Member of Parliament, Lok Sabha
- In office 1952–1957
- Succeeded by: Provat Kar
- Constituency: Hooghly, West Bengal
- In office 1963–1971
- Preceded by: Guru Gobinda Basu
- Succeeded by: Somnath Chatterjee
- Constituency: Burdwan, West Bengal

Personal details
- Born: 19 October 1895
- Died: 1971 (aged 75)
- Party: Akhil Bharatiya Hindu Mahasabha (before 1968)
- Spouse: Surumika Devi
- Children: 2 Sons and 3 daughters including Somnath Chatterjee

= Nirmal Chandra Chatterjee =

Indian politician and judge (1895–1971)

Nirmal Chandra Chatterjee (1895-1971/72) was an Indian politician & jurist who served as a judge at the Calcutta High Court & Also was an elected member of Lok Sabha from Bengal. He served as the vice president of the Supreme Court Bar Association, and treasurer of the Bar Association of India. He had also served as a president of the All India Civil Liberties Council, and as vice president of the International Commission of Jurists – Indian Branch.

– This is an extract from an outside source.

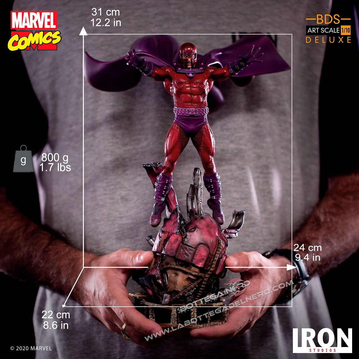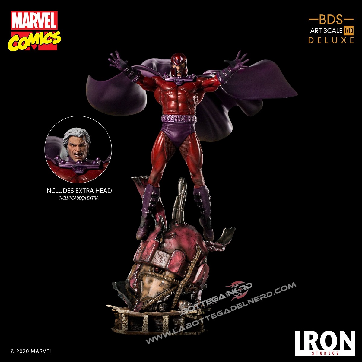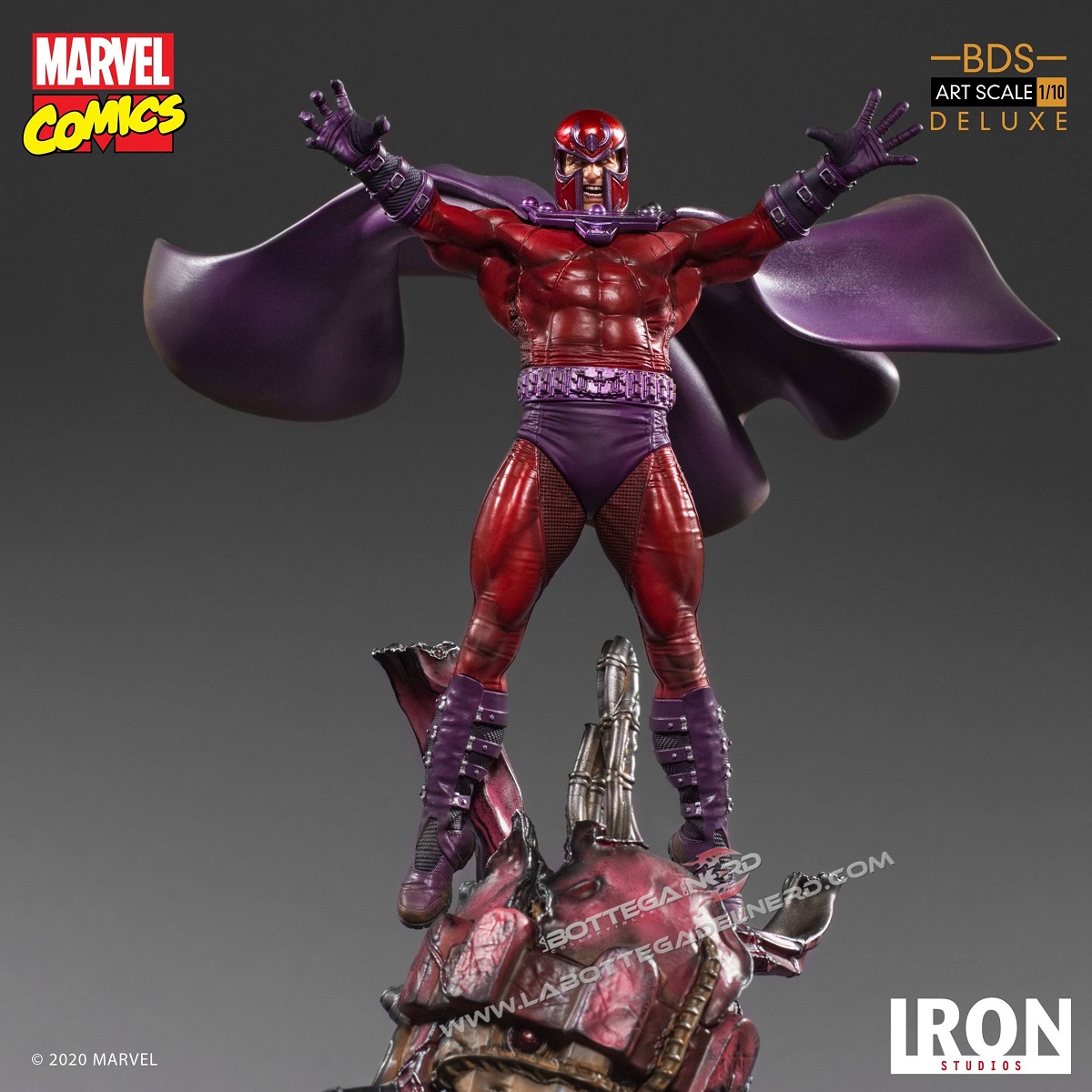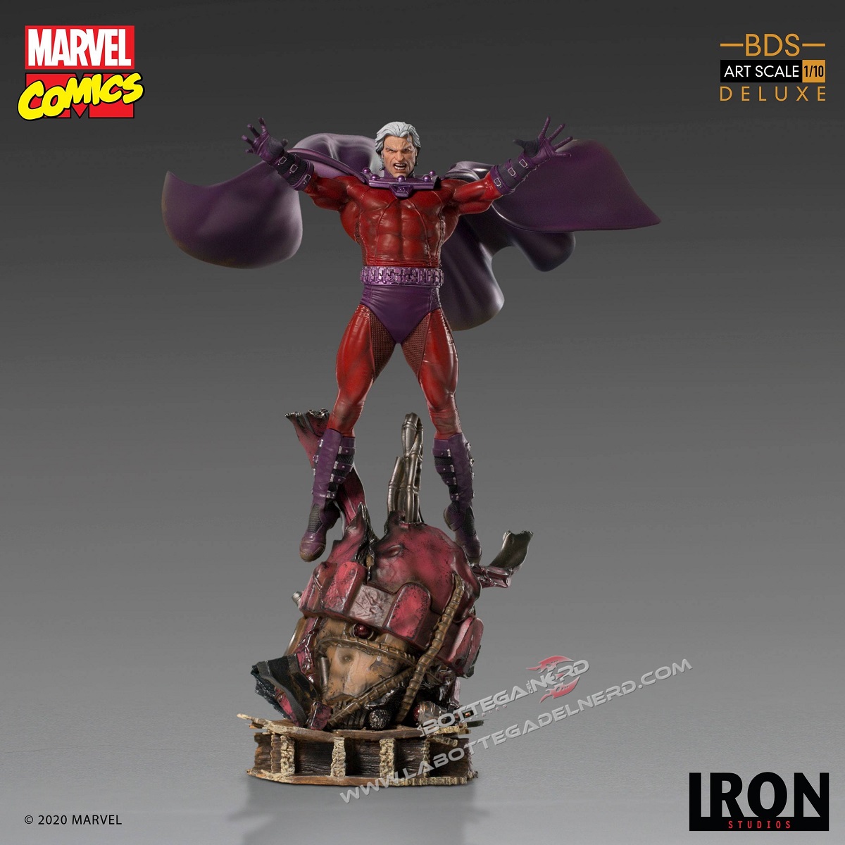 Probabilmente perché il potere di controllare i metalli non è una cosa da poco e in questa nuova realizzazione di Iron Studios, il mutante da sfoggio di tutta la sua potenza, mentre sfruttando al massimo i suoi poteri prende il controllo di una Sentinella, levitando sopra la sua testa. La statua, in scala 1/10 e alta 31 cm, permetterà di esporre il mutante con o senza elmetto ed è tratta dal secondo diorama “X-Men Vs Sentinel” che vedrà presto la luce; ricordiamo che questa edizione non sarà combinabile con il diorama ma andrà acquistata nel bundle specifico.

==Early life and education==
He was born on 19 October 1895 in Boinchee, in the Hooghly district to Bholanath Chatterjee. He was educated at the South Suburban School, the Mitra Institution, St. Mary's School, all in Calcutta, before graduating from the Scottish Church College. Subsequently, he studied law at the Hazra Law College of the University of Calcutta, before proceeding on to the Middle Temple, London, and subsequently finishing his academic pursuit at the University College London.

==Career==

He started out as a senior advocate in the Supreme Court of India. He went on to be a judge at the Calcutta High Court. Later he became the vice president of the Supreme Court Bar Association, and treasurer of the Bar Council of India. He had also served as a president of the All India Civil Liberties Council, and as vice president of the International Commission of Jurists – Indian Branch.

He was the President of Bengal Hindu Mahasabha & the Vice President of All India Hindu Mahasabha. He presided over its Gwalior session in 1947. But after partition and assassination of Mahatma Gandhi, he was somewhat disenchanted with party politics. Towards the end of 1947 and early 1948, he felt ill quite frequently and months could not attend his professional work. Doctors advised him that because of the serious attack of epidemic dropsy, he would not be able to lead an active life anymore. At that time, he got an offer for appointment as a Judge of Calcutta High court and he agreed to accept.

He was also a member of the Special Committee on Tibet of the International Commission of Jurists, and a chairman of the Subordinate Legislation Committee of Parliament. He represented India at the Commonwealth Law Conference held in London in 1955. He was a deputy leader of the Indian Lawyers Delegation to the USSR in 1959, and represented India at the International Bar Conference at Salzburg in Austria in 1960 and Commonwealth Law Conference held at Sydney in 1966. He was counsel for India at the Kutch International Tribunal in Geneva.

He was a member of the 1st Lok Sabha (1952–1957) from Hooghly as a Hindu Mahasabha candidate and as an independent candidate for the 3rd Lok Sabha. He also won a bye-poll in 1963 as an independent from Burdwan with CPI support and also the 4th Lok Sabha (1967–1971) when he won again from Burdwan as an independent. He died in 1971.

==Family==
He married Binapani Devi on 30 May 1915, and later became the father of the Marxist leader, Parliamentarian Somnath Chatterjee, a communist leader from Bengal who served as the 14th Speaker of the Lok Sabha from 2004 to 2009.

==Books written by him==
- Company Law
- Awakening of India
- Problems of Jammu and Kashmir
- Comparative Jurisprudence
- Indian Constitutional Law
- Fundamental Rights and Judicial Review
- Emergency and Law

==Other works==
- Indian historical research council.
- Monographs and articles on historical, legal and constitutional topics
- Paper on 'Nationality' at International legal Conference in Delhi in January 1954
- Studies in history, political science, economics, Indology, comparative politics and international law and travelling
- Social activities by helping depressed classes and Harijans, championing civil liberties and rule of law.

==Sports and hobbies==
- Gardening
- President, Bhawanipore Club
- Member, Chelmsford Club Delhi and Calcutta Club.